__The task__: Pictures in the records below must be left out. Return exactly the lines from the line with "De Barbara Métais-Chastanier, deux" to the line with "3、在完善个人资料界面中点击昵称,进入修改昵称页面。", both included.

__Material shown__:
###
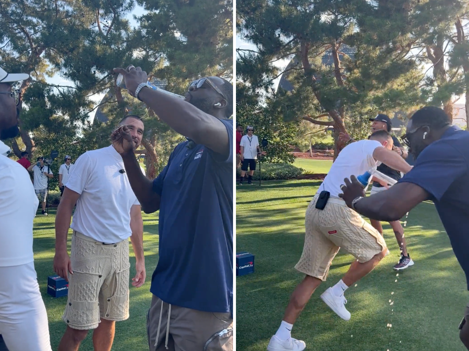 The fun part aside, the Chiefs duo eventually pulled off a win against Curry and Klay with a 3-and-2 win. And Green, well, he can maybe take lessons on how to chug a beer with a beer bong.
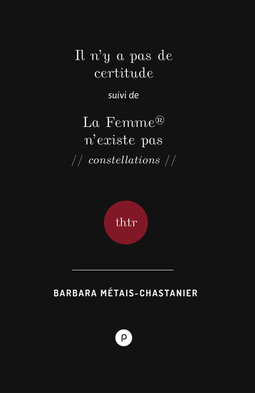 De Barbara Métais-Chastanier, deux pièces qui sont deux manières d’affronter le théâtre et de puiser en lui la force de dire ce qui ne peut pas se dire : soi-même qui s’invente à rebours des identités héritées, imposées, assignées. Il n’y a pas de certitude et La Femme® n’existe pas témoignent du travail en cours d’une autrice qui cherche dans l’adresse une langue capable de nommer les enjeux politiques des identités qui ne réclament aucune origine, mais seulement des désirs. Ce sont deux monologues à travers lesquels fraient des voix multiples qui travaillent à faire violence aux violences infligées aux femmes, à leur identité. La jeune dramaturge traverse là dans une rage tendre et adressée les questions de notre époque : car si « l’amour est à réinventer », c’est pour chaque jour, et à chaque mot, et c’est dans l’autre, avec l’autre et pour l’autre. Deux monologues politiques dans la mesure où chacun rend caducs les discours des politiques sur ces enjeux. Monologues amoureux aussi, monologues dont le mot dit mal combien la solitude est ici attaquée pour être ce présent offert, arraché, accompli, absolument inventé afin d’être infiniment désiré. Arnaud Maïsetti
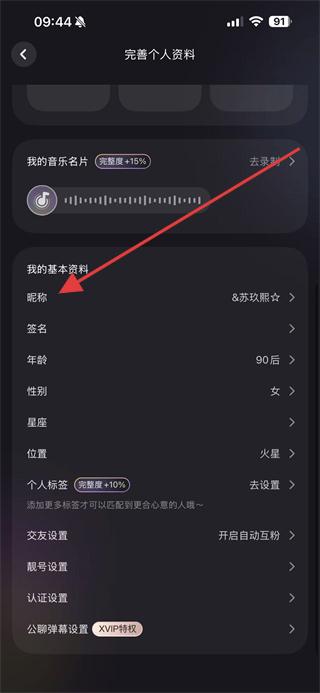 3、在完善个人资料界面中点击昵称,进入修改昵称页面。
###
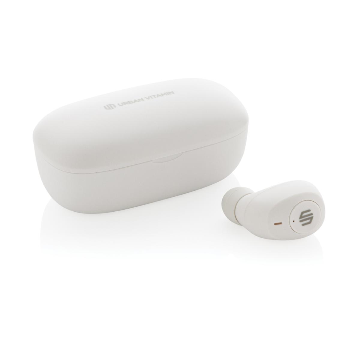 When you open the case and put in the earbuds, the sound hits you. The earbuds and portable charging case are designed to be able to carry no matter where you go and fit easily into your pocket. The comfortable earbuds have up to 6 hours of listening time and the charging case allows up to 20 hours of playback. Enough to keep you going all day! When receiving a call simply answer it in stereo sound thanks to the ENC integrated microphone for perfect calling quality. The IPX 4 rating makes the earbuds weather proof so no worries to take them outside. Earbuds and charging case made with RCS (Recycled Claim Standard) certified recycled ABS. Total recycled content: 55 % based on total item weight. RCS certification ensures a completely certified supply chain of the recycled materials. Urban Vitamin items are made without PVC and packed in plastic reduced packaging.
###
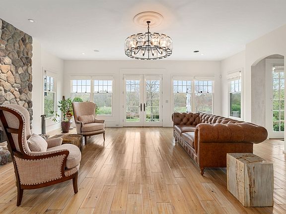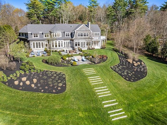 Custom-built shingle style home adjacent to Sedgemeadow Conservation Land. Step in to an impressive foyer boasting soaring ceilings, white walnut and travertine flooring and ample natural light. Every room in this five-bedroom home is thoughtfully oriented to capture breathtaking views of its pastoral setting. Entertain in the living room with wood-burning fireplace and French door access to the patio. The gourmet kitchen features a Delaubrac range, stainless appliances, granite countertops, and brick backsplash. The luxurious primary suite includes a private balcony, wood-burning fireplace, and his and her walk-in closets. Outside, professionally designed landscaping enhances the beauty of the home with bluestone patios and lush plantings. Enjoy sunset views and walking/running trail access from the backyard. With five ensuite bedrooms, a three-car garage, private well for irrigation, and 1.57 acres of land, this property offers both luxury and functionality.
###
__Problem solution__:
 De Barbara Métais-Chastanier, deux pièces qui sont deux manières d’affronter le théâtre et de puiser en lui la force de dire ce qui ne peut pas se dire : soi-même qui s’invente à rebours des identités héritées, imposées, assignées. Il n’y a pas de certitude et La Femme® n’existe pas témoignent du travail en cours d’une autrice qui cherche dans l’adresse une langue capable de nommer les enjeux politiques des identités qui ne réclament aucune origine, mais seulement des désirs. Ce sont deux monologues à travers lesquels fraient des voix multiples qui travaillent à faire violence aux violences infligées aux femmes, à leur identité. La jeune dramaturge traverse là dans une rage tendre et adressée les questions de notre époque : car si « l’amour est à réinventer », c’est pour chaque jour, et à chaque mot, et c’est dans l’autre, avec l’autre et pour l’autre. Deux monologues politiques dans la mesure où chacun rend caducs les discours des politiques sur ces enjeux. Monologues amoureux aussi, monologues dont le mot dit mal combien la solitude est ici attaquée pour être ce présent offert, arraché, accompli, absolument inventé afin d’être infiniment désiré. Arnaud Maïsetti
 3、在完善个人资料界面中点击昵称,进入修改昵称页面。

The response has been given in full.